愛知ペーパードライバースクール

新着情報

【法令解説】コンビニに入る時、一時停止してますか?「歩道」「歩行者用道路」「路面電車の線路」を車が通れる例外ルール

運転中、コンビニやガソリンスタンドに入ろうとして、歩道を横切る時。
あなたは**「一時停止」**をしていますか?

「誰も歩いていなければ、徐行でそのまま入ってもいいでしょ?」
そう思っているなら、それは立派な交通違反です。

車には、原則として**「入ってはいけない場所(聖域)」**がいくつかありますが、条件を満たせば「例外的に」通ることが許されています。

今回は、意外と知られていない**「歩道」「歩行者用道路」「路面電車の線路」**を通行するための正しいルールとマナーについて解説します。


■ 1. コンビニや自宅に入る時の「歩道横断」

まずは、最も身近な**「歩道」「路側帯」**です。
これらは歩行者のための場所なので、原則として車は走れません。

ただし、「道路外の施設(お店や自宅など)」に出入りするためなら、例外的に**「横切る」**ことができます。

絶対ルール:歩行者がいなくても一時停止!

ここで絶対に守らなければならないのが、
「歩行者がいようがいまいが、直前で必ず一時停止する」
ことです。

街中で、お店に出入りする車をよく見かけますが、ちょうど道路を行き交う車が途切れたタイミングや、出口の信号が青になった瞬間など、**「一時停止せずに勢いよく発進する車」**をよく見かけます。

南区菊住 名古屋環状線 歩道を横切る出入口

【衝撃の目撃談】

かつて自動車学校で勤務していた時、路上教習中にまさにそういった場面に遭遇しました。
道路側(車)しか見ていなかった車両が急発進し、歩道を通行していた高齢者の自転車と接触してしまったのです。

幸いにも被害者の方は軽傷で済みましたが、一歩間違えれば**最悪の事態(死亡事故)**になっていたかもしれません。
「歩道の手前では必ず止まる」。このひと手間が、人の命を守ります。


■ 2. 標識がある「歩行者用道路」

次に、青い丸に親子のイラストが描かれた**「歩行者用道路」**の標識です。
商店街やスクールゾーンによくあります。

中区大須4丁目 大須商店街 歩行者用道路

原則として:車は通行禁止。

例外:許可を受けた車や、緊急車両などは通れる。

「許可証」があれば通れます

自宅がスクールゾーンの中にある場合など、どうしても通らなければならない時は、警察署で**「通行許可証」**をもらえば通行可能です。

ただし、許可を受けていても**「歩行者の有無にかかわらず、必ず徐行(すぐに止まれる速度)」**で走らなければなりません。
許可があるからといって、我が物顔でスピードを出すのは厳禁です。


■ 3. 愛知なら知っておきたい「路面電車の線路」

最後に、「軌道敷(きどうしき)」、つまり路面電車の線路の中です。
「名古屋には関係ない」と思うかもしれませんが、愛知県豊橋市には路面電車が走っています。

豊橋市駅前大通2丁目 路面電車

原則:線路内は立ち入り禁止

線路の中は電車のための場所なので、車は走れません。
しかし、以下の**「3つの例外」**なら中に入ってもOKです。

1 右左折や横断をする時
交差点で右折する時など、線路をまたぐ必要がある場合。

2 危険回避や、工事などでやむを得ない時
道路に穴が開いている、路駐車両を避ける、など。

3 「軌道敷内通行可」の標識がある時
青い四角に車のイラストが描かれた標識があれば、自動車は線路の上を走れます。

軌道敷内通行可の標識

【体験談】長崎での恐怖体験

以前、豊橋市内を運転したことがあります。その時は、信号待ちをしている時に前方の路面電車が通過するのを見ただけでした。

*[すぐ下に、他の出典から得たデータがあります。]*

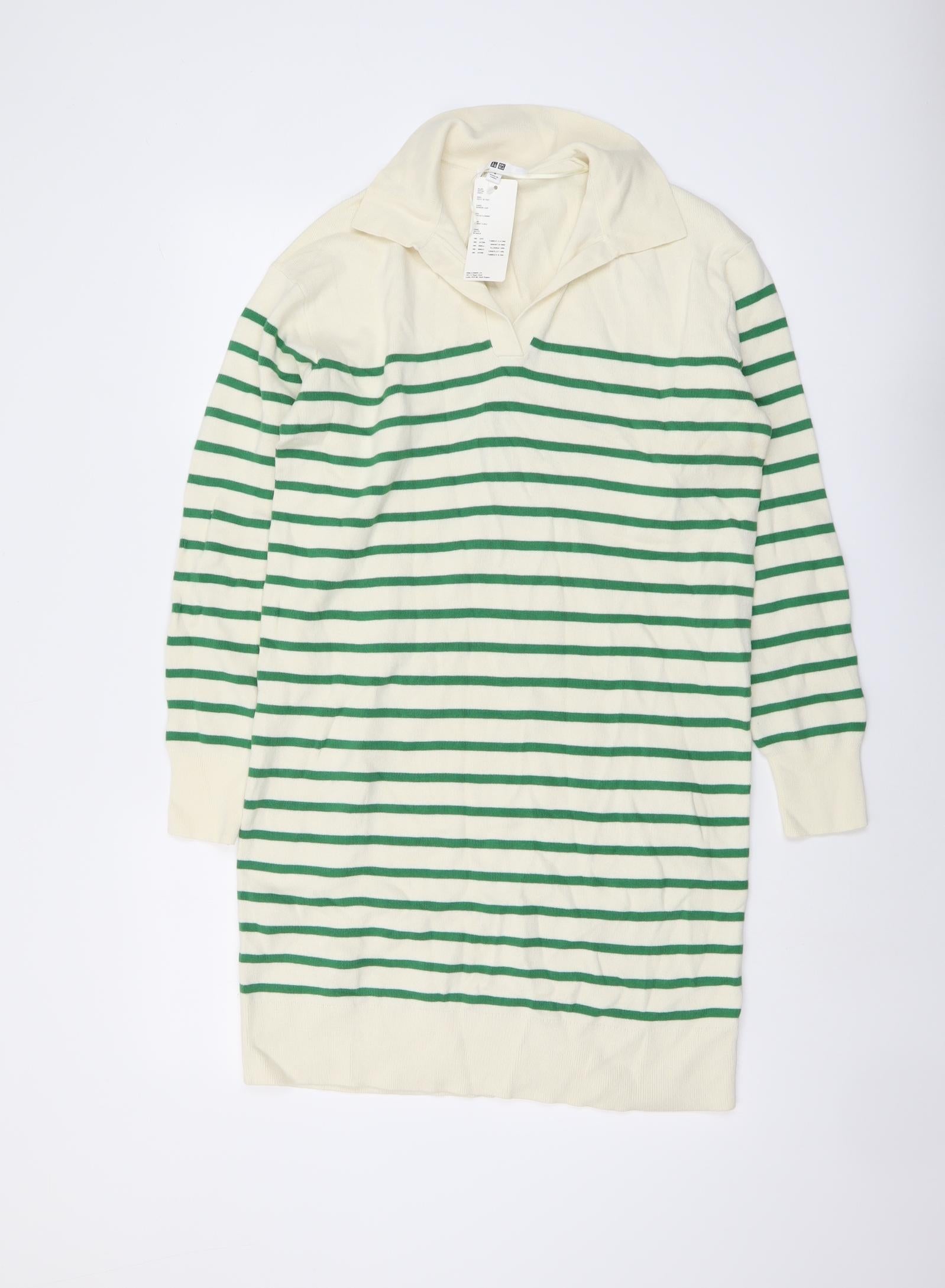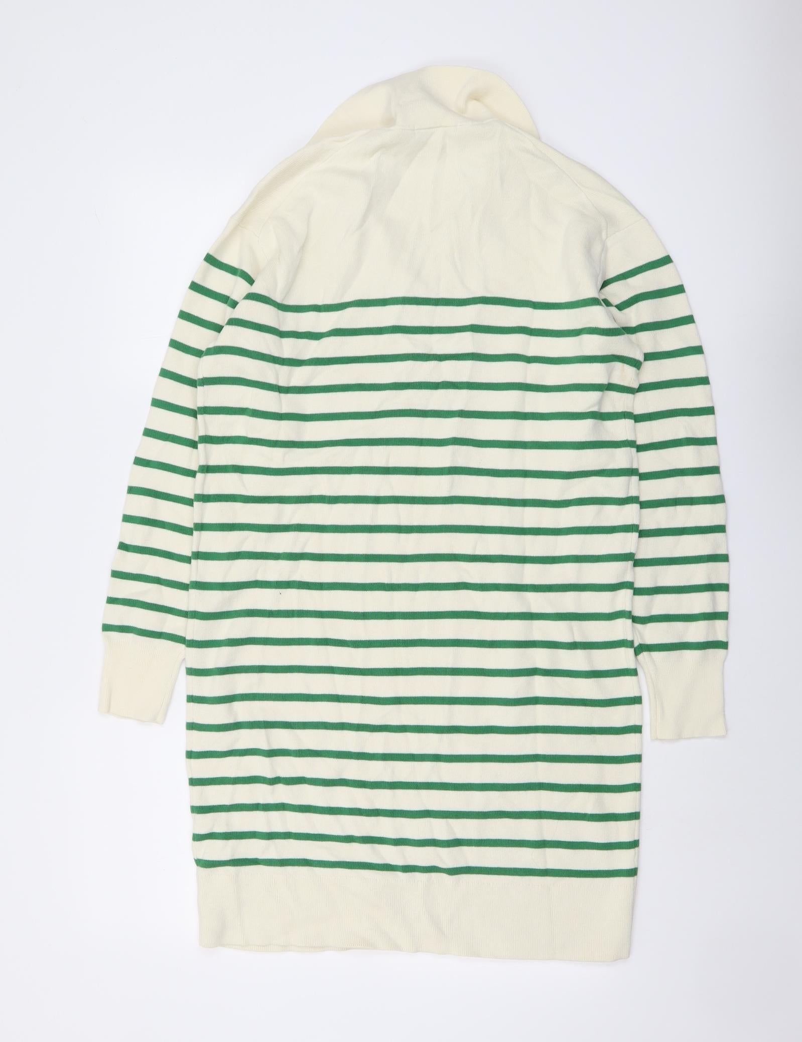 Womens Ivory Striped Cotton Jacket Dress Size S Collared Pullover

しかしその後、旅行先の長崎で、路面電車と並走するタイミングが訪れました。
路面電車は線路から逸脱することはないと分かっていても、**「真横にかなり大きな車両がいる」**ことに、とても恐怖を感じたのを覚えています。

そこに輪をかけて、見慣れない「黄色の矢印信号」や「軌道敷内通行可」の標識、さらに緊急自動車の接近などが重なったら……運転に慣れていない方はパニックになってしまうかもしれません。

電車が来たらすぐに出る!

もし線路内を走っている時に、後ろから路面電車が近づいてきたら?
**「速やかに線路の外に出る」**か、距離を保って道を譲らなければなりません。電車は急に止まれないからです。


■ まとめ|「入らせてもらっている」意識を持つ

今回のポイントを整理します。

1 歩道を横切る時は、人がいなくても必ず一時停止

2 歩行者用道路は、許可があっても必ず徐行

3 路面電車の線路は、右折時などを除き、基本は入らない。

これらに共通するのは、**「そこは本来、車が走る場所ではない」**ということです。
「例外的に通らせてもらっている」という謙虚な気持ちで、歩行者や電車を最優先に運転しましょう。

愛知ペーパードライバースクールでは、
「お店に入る時の歩道のまたぎ方が怖い」
「路面電車のある街(豊橋など)を走る練習がしたい」
というリクエストにも対応しています。

[ LINE相談・ブログの感想も大歓迎です ]

愛知ペーパードライバースクール 名古屋校 代表
服部 寛嗣

2011年から名古屋市内の指定自動車学校で勤務し、
10年間で延べ25,000名以上の技能・学科指導を担当。
現在は出張専門のペーパードライバー講習を行い、
年間約200名のサポートをしています。

中型・二種・大型二輪を含む複数の免許、
教習指導員・技能検定員・高齢者講習指導員など
幅広い資格を保有。

2025年2月9日

« »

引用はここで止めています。